I’m a happy user of sway and really enjoy using tiling window managers, so using a floating window manager feels like a step back. There are things like virtual desktops that work like workspaces in sway, but you can’t move apps to a different workspace with a shortcut (please correct me if I’m wrong here!). You can use the magic touchpad/mouse, but I prefer to use the mouse/touchpad as rarely as possible.

7. launchd uses xml configuration files

As a Linux user I’m used to systemd units, that are sometimes long, but not as unreadable as XML. But maybe that’s because I’m actually never used XML in the past.

8. Click in window to actually focus it

At first, I thought the system was somehow unresponsive, or the mouse is not in the window I want to type in, but I later noticed that you have to actually focus a window with a click. This is so annoying, especially with a floating window manager, where it is normal to have multiple windows overlapping each other. Why shouldn’t I be able to type in a window that I didn’t focus with a click?

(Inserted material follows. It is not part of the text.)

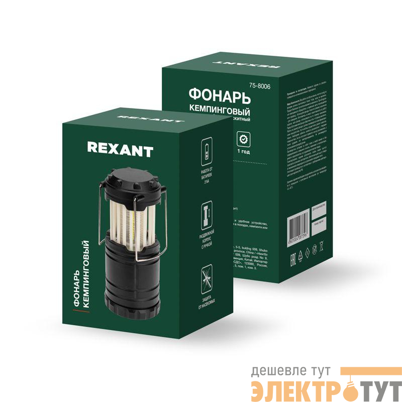 75-8006 | Фонарь кемпинговый раздвижной антимоскитный на подвесе Rexant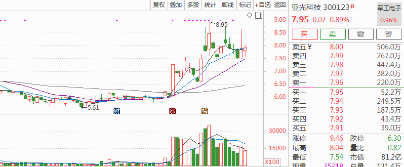 亚光科技,也还是军工叠加商业航天概念,公司做的军工电子及船舶业务,占据国内军用微波电路及组件的重要市场份额,具有特种船舶制造条件。这票最大的看点是前面的四根长头影线,跌又跌不下去,不是洗碟子是什么,有冲高注意再回落就行,20日均线有支撑。

9. Updates take a long time

I have no idea what the mac is doing in the background, but I never experienced updates taking that much time. For example the update from 12.0 to 12.1 took about 30 minutes. And this was only the operating system update, after that there were also some brew updates, docker and more.

10. Bad heat distribution and loud fans

The hardware seems overwhelmed by the heat produced by the Intel i9. If you open a few apps, start debugging or a few containers it will start to get hot very fast. And the fan is very noisy, but I think all if this will be fixed with the new M1 Macs. Besides that the device is pretty well build.

Conclusion

I think I will update this post with new learnings from time to time. For now, I’m quite happy with the macOS setup, as I could simply copy most of my dotfiles. To be honest the things I use most of the time are a terminal, a browser and an editor and these things are working quite well. The thing I miss the most is a good package manager. Pacman does an excellent job at this, because it is fast and make it so much easier to keep your system up to date.